NVIDIA-Certified Associate AI Infrastructure and Operations Sample Questions (Q13-Q18):

NEW QUESTION # 13
Your team is tasked with deploying a new AI-driven application that needs to perform real-time video processing and analytics on high-resolution video streams. The application must analyze multiple video feeds simultaneously to detect and classify objects with minimal latency. Considering the processing demands, which hardware architecture would be the most suitable for this scenario?

  • A. Deploy CPUs exclusively for all video processing tasks
  • B. Deploy GPUs to handle the video processing and analytics
  • C. Deploy a combination of CPUs and FPGAs for video processing
  • D. Use CPUs for video analytics and GPUs for managing network traffic

Answer: B

Explanation:
Real-time video processing and analytics on high-resolution streams require massive parallel computation, which NVIDIA GPUs excel at. GPUs handle tasks like object detection and classification (e.g., via CNNs) efficiently, minimizing latency for multiple feeds. NVIDIA's DeepStream SDK and TensorRT optimize this pipeline on GPUs, making them the ideal architecture for such workloads, as seen in DGX and Jetson deployments.
CPUs alone (Option A) lack the parallelism for real-time video analytics, causing delays. Using CPUs for analytics and GPUs for traffic (Option C) misaligns strengths-GPUs should handle compute-intensive analytics. CPUs with FPGAs (Option D) offer flexibility but lack the optimized software ecosystem (e.g., CUDA) that NVIDIA GPUs provide for AI. Option B is the most suitable, per NVIDIA's video analytics focus.


NEW QUESTION # 14
You are tasked with optimizing the performance of a deep learning model used for image recognition. The model needs to process a large dataset as quickly as possible while maintaining high accuracy. You have access to both GPU and CPU resources. Which two statements best describe why GPUs are more suitable than CPUs for this task? (Select two)

  • A. GPUs have a lower latency than CPUs, making them faster for individual calculations.
  • B. CPUs consume less power than GPUs, making them more suitable for prolonged computations.
  • C. GPUs have a higher number of cores compared to CPUs, allowing for parallel processing of many operations simultaneously.
  • D. GPUs are optimized for matrix operations, which are common in deep learning algorithms.
  • E. CPUs are better suited for handling the large dataset due to their superior memory bandwidth.

Answer: C,D

Explanation:
GPUs are more suitable than CPUs for image recognition due to:
* B: GPUs have a higher number of cores (e.g., thousands in NVIDIA A100), enabling parallel processing of operations like convolutions across large datasets, drastically reducing training time.


NEW QUESTION # 15
You are supporting a senior engineer in troubleshooting an AI workload that involves real-time data processing on an NVIDIA GPU cluster. The system experiences occasional slowdowns during data ingestion, affecting the overall performance of the AI model. Which approach would be most effective in diagnosing the cause of the data ingestion slowdown?

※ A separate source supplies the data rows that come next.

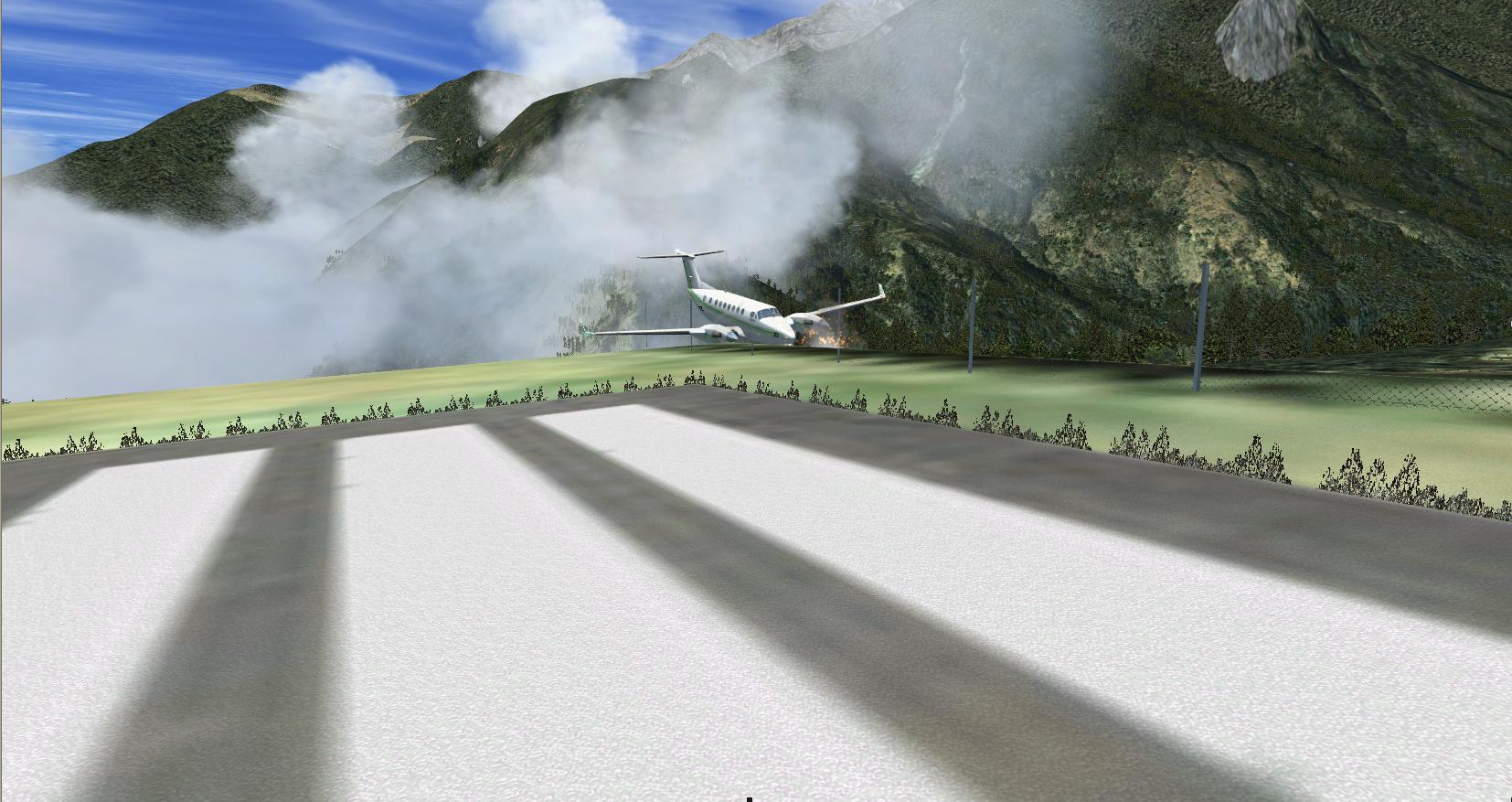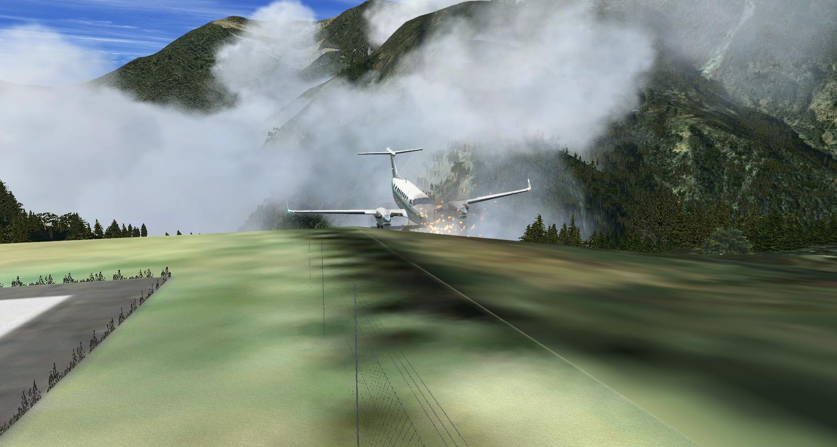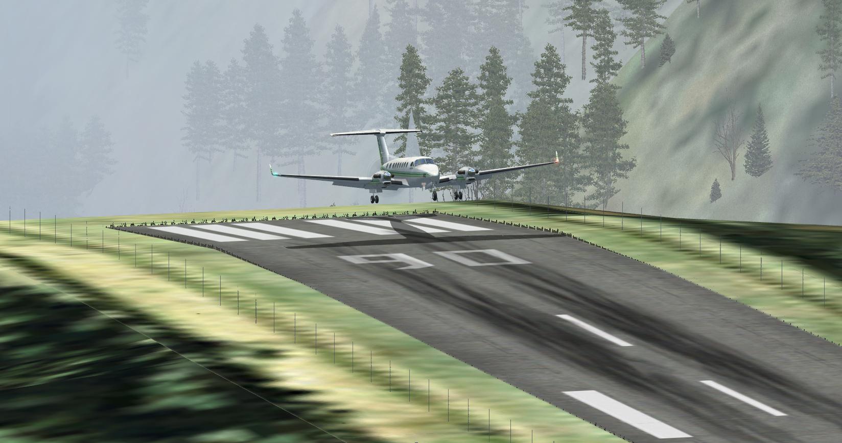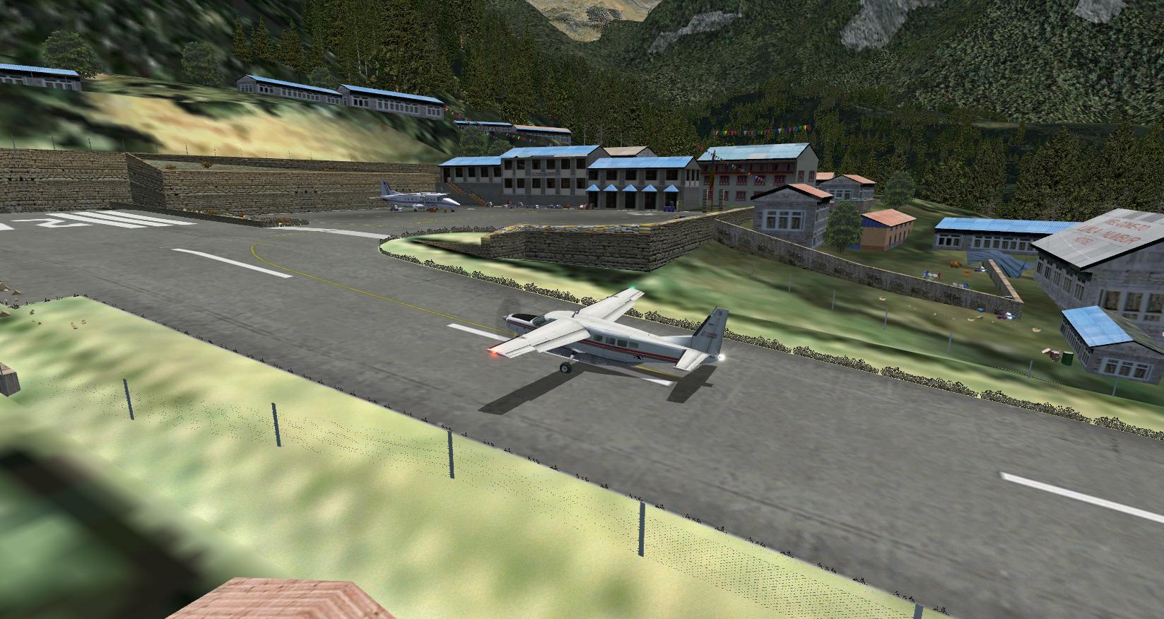 Stimmt! Auf Flugzeugträgern gibt es Haken, wenn man die verfehlt kann man durchstarten! Auf Lukla gibts eine Mauer! Wie schreiben die Add-on´ler bezeichnenderweise: "Reduzieren sie die Last; schmeissen Sie die Secherserpacks und Ihre Schwiegermutter raus! Es ist besser sie zurückzulassen, als sie über die letzten paar Meter der Landebahn zu verteilen."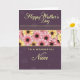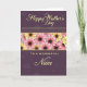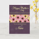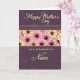 This greeting card features a deep plum-purple background with subtle speckles and soft abstract shapes that add gentle depth ❤️. Near the top, “Happy Mother’s Day” is stacked vertically in flowing cursive lettering, set in a glowing golden-yellow that feels like a warm embrace. Across the middle, a wide horizontal garland of stylized daisy-like flowers creates a sweet, friendly scene, like a bouquet offered with a tender smile. The blossoms have dark centers, with petals alternating between soft pink and sunny yellow, giving the band a cozy, affectionate rhythm 🌼. Thin golden lines frame the floral strip above and below, adding a neat, polished border. Under the flowers, “TO A WONDERFUL” appears in uppercase sans-serif in the same golden-yellow, making the words stand out clearly. The final word, “Niece,” returns to flowing cursive in golden-yellow, placed just beneath the uppercase line. The daisy garland sits centered across the card, with alternating pink-and-yellow petals and dark round centers repeating from left to right.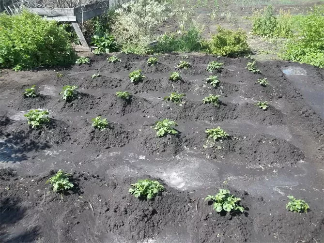 ЗАУВАЖЕННЯ! При посадці картоплі Маніфест у лунки, горбок перед викопуванням повинен досягати висоти близько 20 см. У траншеї або на високі гряди – до 30-35 см.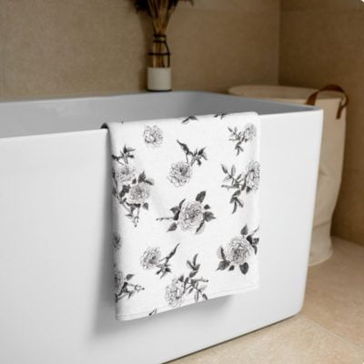 $35.70 – $182.90Price range: $35.70 through $182.90Bath Towel Set: Chic Contrast with Hand-Drawn Black Rose Floral Design – Microfiber Velour Front, Absorbent White Cotton Terry Back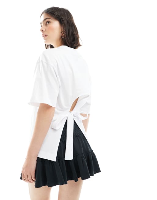 Miss Selfridge - T-shirt bianca allacciata sul retro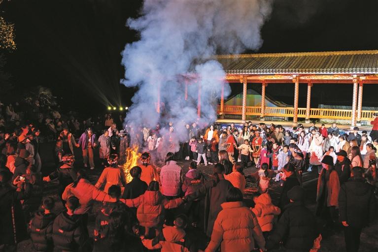 村民与游客围着篝火载歌载舞 下午3时许,身着盛装的畲家姑娘唱起山歌,畲族传统婚俗活动率先拉开帷幕。几番对唱、饮酒后,拜堂仪式在古朴的舞台上举行。新郎行跪拜礼,新娘只作揖而不跪——乃畲族“男跪女不拜”之古礼,相传源自畲族始祖三公主的尊贵身份。 据悉,婚俗表演取材于畲族婚嫁迎娶风俗,演出环节中的迎亲、拦门、拜天地、入新房等场景,再现了畲族传统婚俗,为新春佳节增添了喜庆氛围。
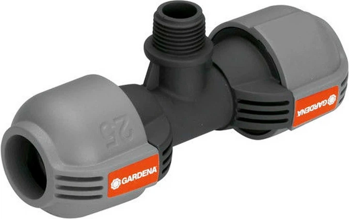Złącze węża ogrodowego Gardena 901018001 to niezawodny rozdzielacz w kształcie litery T, przeznaczony do łączenia i rozgałęziania rur w systemach nawadniających Gardena. Wykonany jest z wytrzymałego tworzywa sztucznego, odpornego na ciśnienie, wilgoć i obciążenia mechaniczne, co zapewnia trwałość nawet przy intensywnym użytkowaniu. Model wyposażony jest w gwint zewnętrzny 25 mm x 1/2" i obsługuje technologię Quick & Easy, która pozwala na szybkie i szczelne łączenie elementów bez użycia narzędzi. Złącze nadaje się do montażu zraszaczy, turbinowych i wynurzalnych, zapewniając stabilny przepływ wody i niezawodną pracę całego systemu.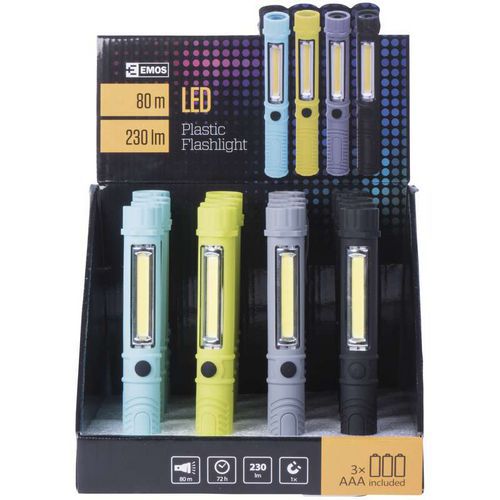 | Název produktu | LED svítilna plastová, 3W COB LED + 1x LED, na 3x AAA, 16 ks |

  • A. Increase the number of GPUs used for data processing
  • B. Profile the I/O operations on the storage system
  • C. Optimize the AI model's inference code
  • D. Switch to a different data preprocessing framework

Answer: B

Explanation:
Profiling the I/O operations on the storage system is the most effective approach to diagnose the cause of data ingestion slowdowns in a real-time AI workload on an NVIDIA GPU cluster. Slowdowns during ingestion often stem from bottlenecks in data transfer between storage and GPUs (e.g., disk I/O, network latency), which can starve the GPUs of data and degradeperformance. Tools like NVIDIA DCGM or system-level profilers (e.g., iostat, nvprof) can measure I/O throughput, latency, and bandwidth, pinpointing whether storage performance is the issue. NVIDIA's "AI Infrastructure and Operations" materials stress profiling I/O as a critical step in diagnosing data pipeline issues.
Switching frameworks (B) may not address the root cause if I/O is the bottleneck. Adding GPUs (C) increases compute capacity but doesn't solve ingestion delays. Optimizing inference code (D) improves model efficiency, not data ingestion. Profiling I/O is the recommended first step per NVIDIA guidelines.


NEW QUESTION # 16
You are working on a project that involves monitoring the performance of an AI model deployed in production. The model's accuracy and latency metrics are being tracked over time. Your task, under the guidance of a senior engineer, is to create visualizations that help the team understand trends in these metrics and identify any potential issues. Which visualization would be most effective for showing trends in both accuracy and latency metrics over time?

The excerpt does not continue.